WORK TO BE COMPLETED:
Output the first line below and each one after it, exactly, up to and including the line holding "- Practical storage". Pictures should not be copied.

Stored data entries
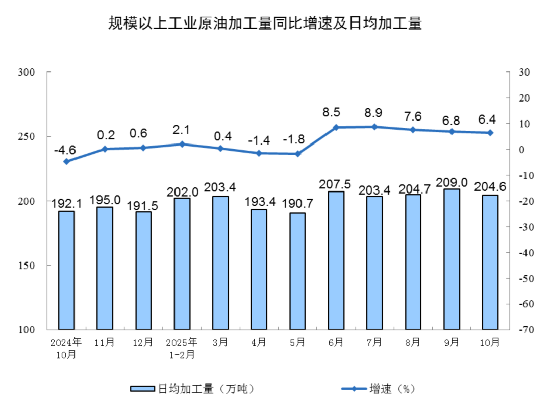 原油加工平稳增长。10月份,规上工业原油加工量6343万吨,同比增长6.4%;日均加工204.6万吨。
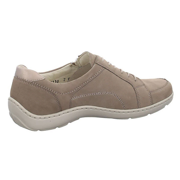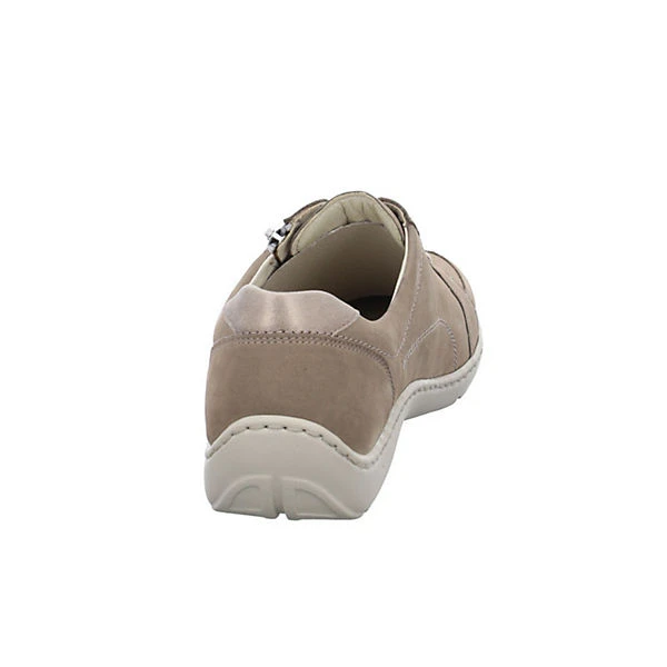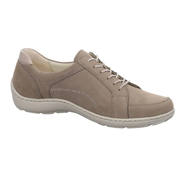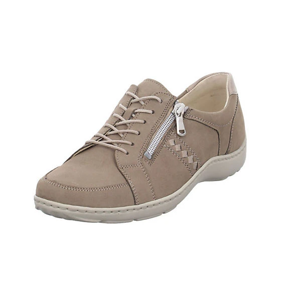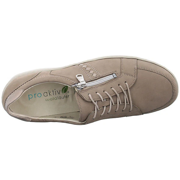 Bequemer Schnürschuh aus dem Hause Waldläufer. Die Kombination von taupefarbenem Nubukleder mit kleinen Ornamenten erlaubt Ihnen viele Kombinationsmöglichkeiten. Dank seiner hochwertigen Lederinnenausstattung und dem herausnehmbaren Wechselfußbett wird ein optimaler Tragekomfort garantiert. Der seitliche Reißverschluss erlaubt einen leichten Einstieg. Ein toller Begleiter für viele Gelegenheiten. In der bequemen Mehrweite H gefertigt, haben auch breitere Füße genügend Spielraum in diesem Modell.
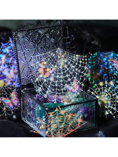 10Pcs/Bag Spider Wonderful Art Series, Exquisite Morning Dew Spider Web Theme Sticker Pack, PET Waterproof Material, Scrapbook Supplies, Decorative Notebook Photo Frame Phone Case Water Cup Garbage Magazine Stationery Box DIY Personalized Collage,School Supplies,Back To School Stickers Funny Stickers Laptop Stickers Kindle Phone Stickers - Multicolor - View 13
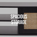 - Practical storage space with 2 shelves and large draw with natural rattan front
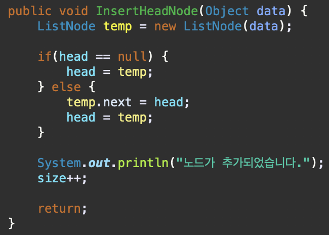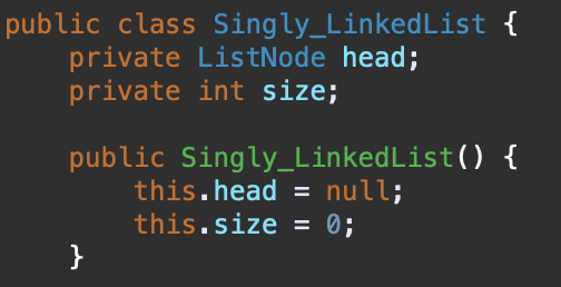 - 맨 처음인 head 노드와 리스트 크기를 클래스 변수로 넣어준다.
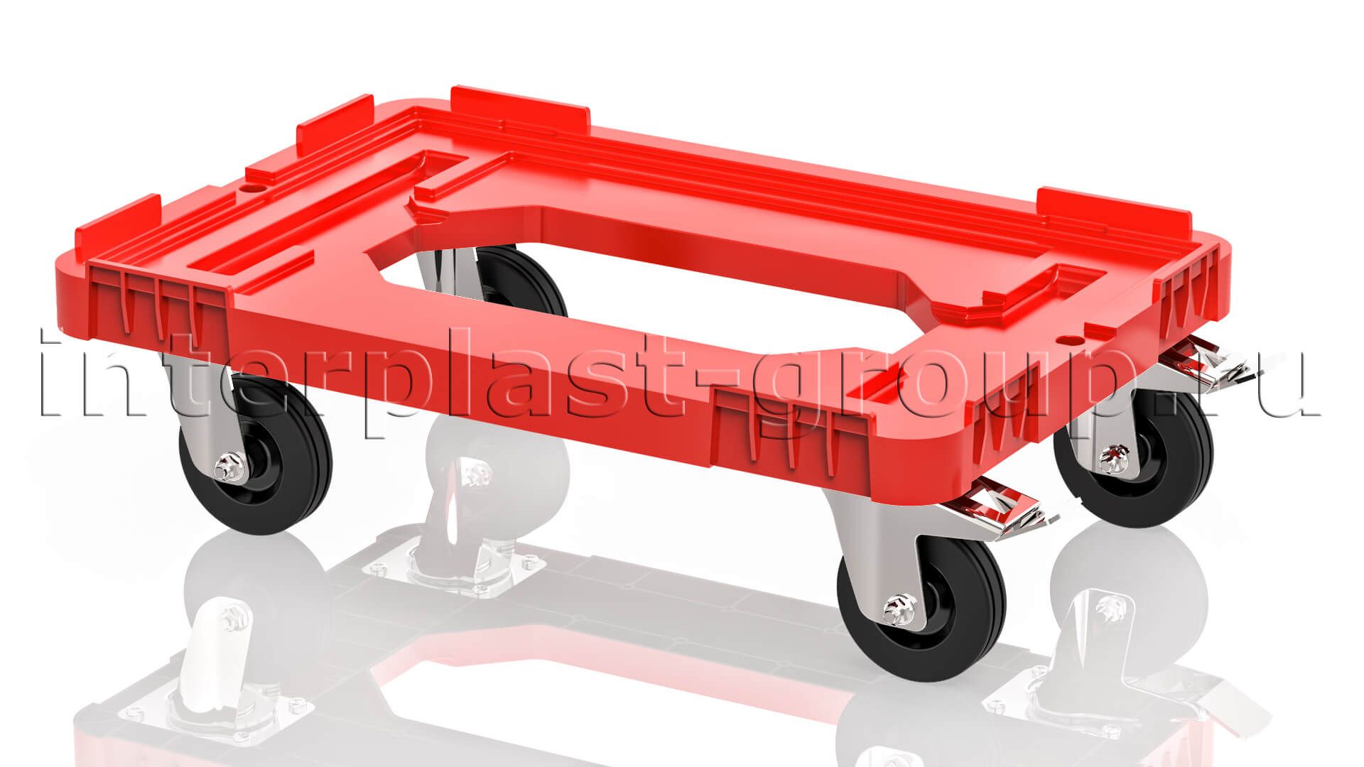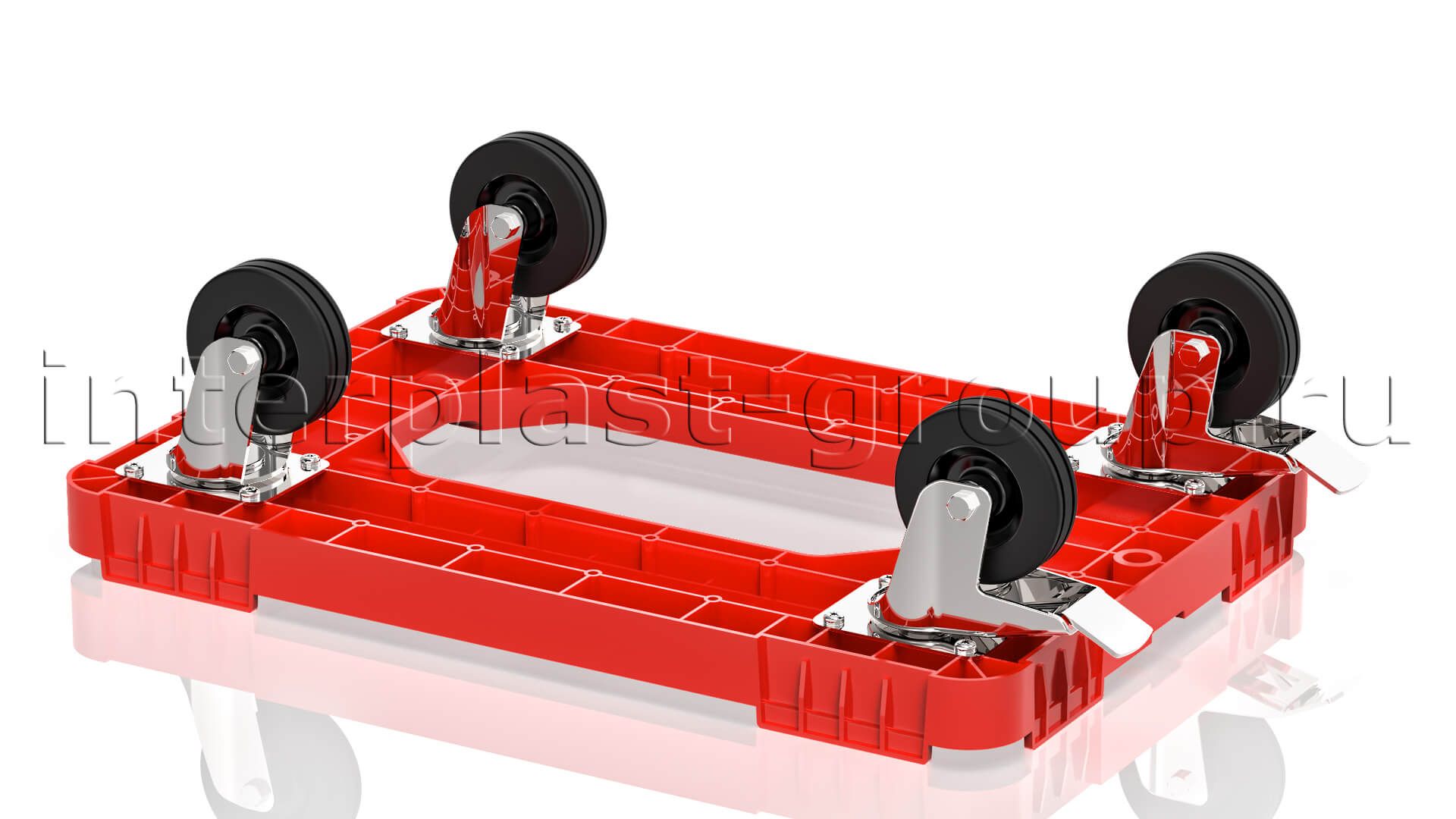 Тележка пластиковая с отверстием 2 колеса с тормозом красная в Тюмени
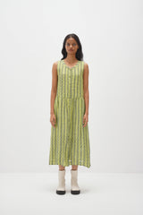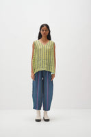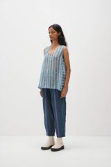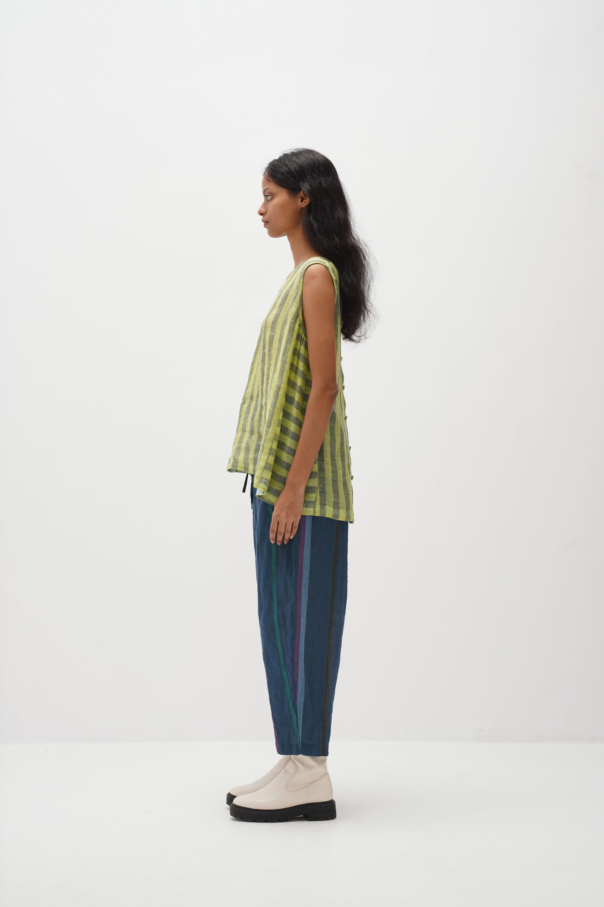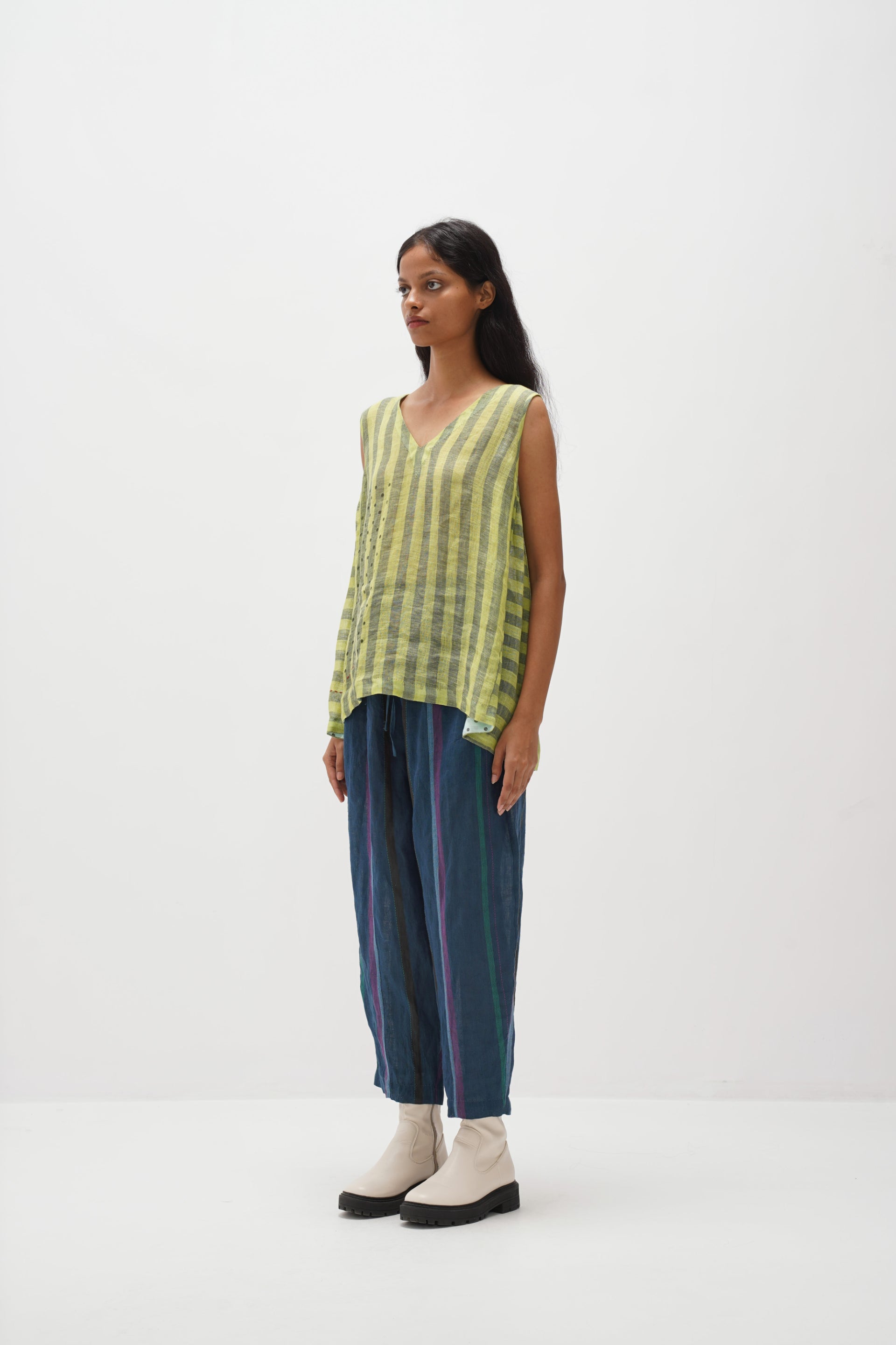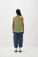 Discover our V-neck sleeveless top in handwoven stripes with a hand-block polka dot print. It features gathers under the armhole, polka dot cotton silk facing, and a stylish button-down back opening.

WRITTEN RESPONSE:
 原油加工平稳增长。10月份,规上工业原油加工量6343万吨,同比增长6.4%;日均加工204.6万吨。
 Bequemer Schnürschuh aus dem Hause Waldläufer. Die Kombination von taupefarbenem Nubukleder mit kleinen Ornamenten erlaubt Ihnen viele Kombinationsmöglichkeiten. Dank seiner hochwertigen Lederinnenausstattung und dem herausnehmbaren Wechselfußbett wird ein optimaler Tragekomfort garantiert. Der seitliche Reißverschluss erlaubt einen leichten Einstieg. Ein toller Begleiter für viele Gelegenheiten. In der bequemen Mehrweite H gefertigt, haben auch breitere Füße genügend Spielraum in diesem Modell.
 10Pcs/Bag Spider Wonderful Art Series, Exquisite Morning Dew Spider Web Theme Sticker Pack, PET Waterproof Material, Scrapbook Supplies, Decorative Notebook Photo Frame Phone Case Water Cup Garbage Magazine Stationery Box DIY Personalized Collage,School Supplies,Back To School Stickers Funny Stickers Laptop Stickers Kindle Phone Stickers - Multicolor - View 13
 - Practical storage space with 2 shelves and large draw with natural rattan front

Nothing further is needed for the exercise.